Disclaimer: I am writing this before all the marks come out to try and limit bias as much as possible. Also, I am not criticizing the program in any manner. I just believe that having actually completed a year of university, the presence of a ranking procedure leads to some engaging food for thought, and that perhaps it may interest prospective students.
Queen’s Commerce ranks its students. Prospective students may want to at least acknowledge this fact in their decision making process. It’s very easy to overlook, many people probably don’t care, but it’s there.

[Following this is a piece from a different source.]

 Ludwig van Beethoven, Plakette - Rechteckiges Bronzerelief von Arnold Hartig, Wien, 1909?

Personally, when I was considering all the factors, I thought a system where the students are ranked would be a definite plus. My feeling was that since the majority of everyone’s course load was comprised of the same courses, the rankings would actually set context to our marks. This is significant because in a program like Queen’s Commerce, the averages by themselves don’t really mean much. Very few students each year get averages in the 90s and those are almost always low 90s, whereas there are students in LifeSci and Engineering with averages in the high 90s, students at Desautels with 4.0 GPAs, and ones at uOttawa with 10/10. But at the end of the day, everything should be taken relatively, and a rank adds value by giving context to an otherwise ambiguous average – top 10 in a program like Queen’s Commerce sounds pretty legit. And why does this matter? Jobs and grad school, aka, the future.
(Add-in: the rankings are requested by employers and provided to them by the BCC with the student’s consent, but never published publicly, and rankings are also used for upper-year awards purposes.)

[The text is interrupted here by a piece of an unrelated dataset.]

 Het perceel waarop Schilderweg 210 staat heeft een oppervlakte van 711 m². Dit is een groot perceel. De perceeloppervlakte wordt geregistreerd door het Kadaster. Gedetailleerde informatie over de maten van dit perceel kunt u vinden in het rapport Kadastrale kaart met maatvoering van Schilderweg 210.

Now emerged in the system, my outlook has changed a bit. While I do still believe ranks should exist, I feel that the rankings could be done better, and that perhaps the current methodology has some drawbacks. For instance, the inclusion of elective grades in the average used for rankings will sub-optimally influence elective choices of students and heavily favours quantitative electives. David Veitch, a Comm12, recently wrote an article for DayOnBay exploring the argument against rankings in great detail. His main arguments are that the ranking of students in an already competitive environment will 1) “unnecessarily fuel the competitive environment,” 2) “lose their meaning after a certain point,” 3) “discourage academic risk taking,” and 4) “distort the focus of business school.” He also gives some suggestions for solutions to mitigate the negative effects of rankings. For those interested, the full article can be viewed here.
Of course, there is no absolute, correct stance, and everyone is entitled to his or her own opinion. That’s why I thought it would be interesting to write a blog on this topic – to provoke some thought. Given the feedback on David’s article through DayOnBay and Facebook, it is evident that it has done exactly so.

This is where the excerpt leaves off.